Images are to be excluded, and the rest of the data repeated exactly.

═════ COLLECTED DATA

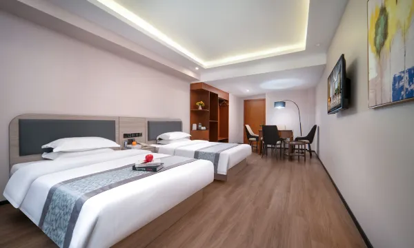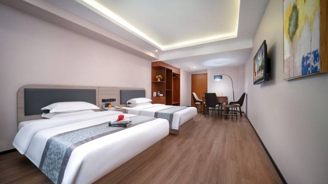 酒店配备各种各样的房型,房间数目多,能够满足客人的各种需求,配备有无缝WIFI、网络电视、24小时热水、中央空调、洗漱用品等多种配套用品,客房宽敞、干净、舒适,如“家”一般的能让住客有一个愉快的入住体验。
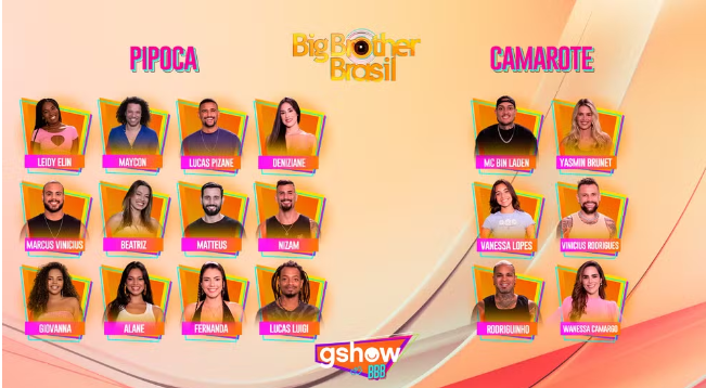 Neste ano, o anúncio ocorre de maneira inédita: 18 nomes serão revelados na sexta. Todos fazem parte do grupo Pipoca, de anônimos, e Camarote, de personalidades já conhecidas. No domingo, 7, durante o Fantástico, mais sete homens e sete mulheres serão apresentados.
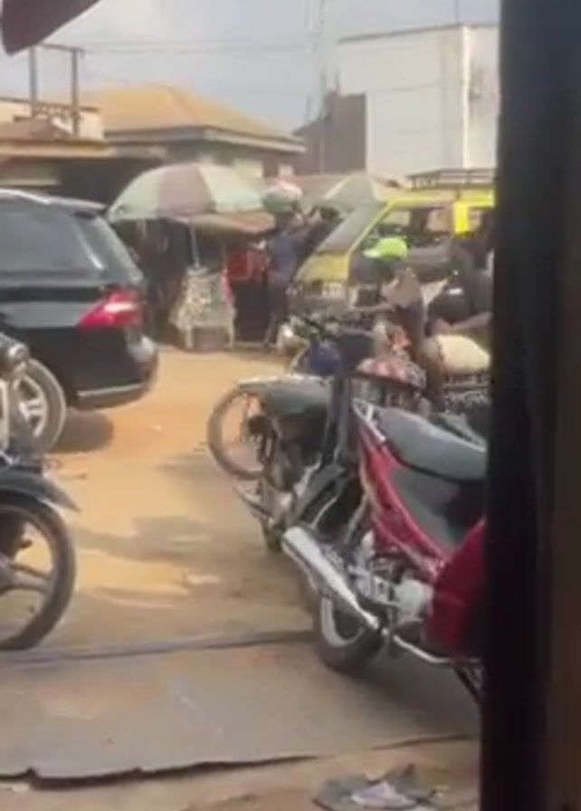 street scene, likely in a city in Africa, with motorbikes, a black SUV, and people walking and riding bikes. The scene is viewed from inside a building with an open doorway. The street appears busy with people and vehicles. Several motorcycles are parked near the doorway, and more bikes and people are seen moving through the street. Street vendors with umbrellas are also visible.

══════════

• COMPLETED EXERCISE
 酒店配备各种各样的房型,房间数目多,能够满足客人的各种需求,配备有无缝WIFI、网络电视、24小时热水、中央空调、洗漱用品等多种配套用品,客房宽敞、干净、舒适,如“家”一般的能让住客有一个愉快的入住体验。
 Neste ano, o anúncio ocorre de maneira inédita: 18 nomes serão revelados na sexta. Todos fazem parte do grupo Pipoca, de anônimos, e Camarote, de personalidades já conhecidas. No domingo, 7, durante o Fantástico, mais sete homens e sete mulheres serão apresentados.
 street scene, likely in a city in Africa, with motorbikes, a black SUV, and people walking and riding bikes. The scene is viewed from inside a building with an open doorway. The street appears busy with people and vehicles. Several motorcycles are parked near the doorway, and more bikes and people are seen moving through the street. Street vendors with umbrellas are also visible.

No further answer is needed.